◆ About this task: Give back the whole listing verbatim, printing none of its pictures.

◆ Exercise data:
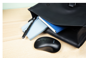
LIFESTYLE VISUAL 1
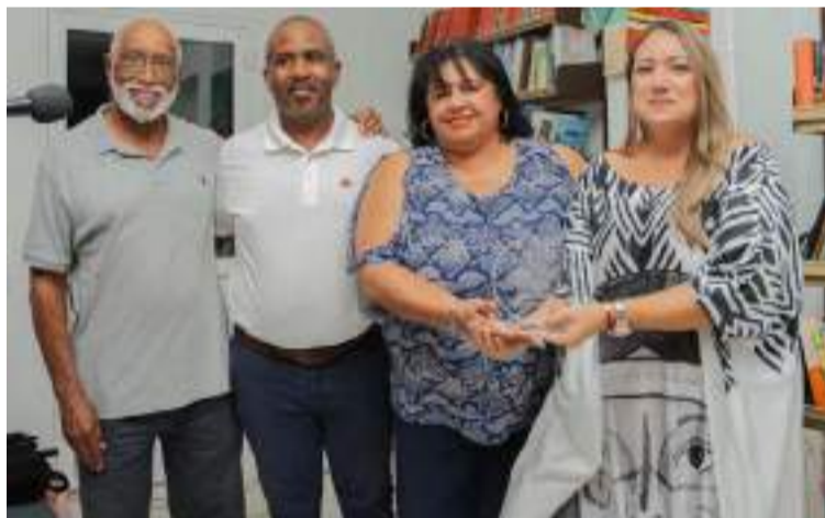
Recibiendo el reconocimiento de la Fundación Rancho por los aportes culturales a la celebración de los 200 años de la ciudad de Oranjestad.

ne, y demás gestores culturales locales.

◆ Output of the task:
LIFESTYLE VISUAL 1
Recibiendo el reconocimiento de la Fundación Rancho por los aportes culturales a la celebración de los 200 años de la ciudad de Oranjestad.

ne, y demás gestores culturales locales.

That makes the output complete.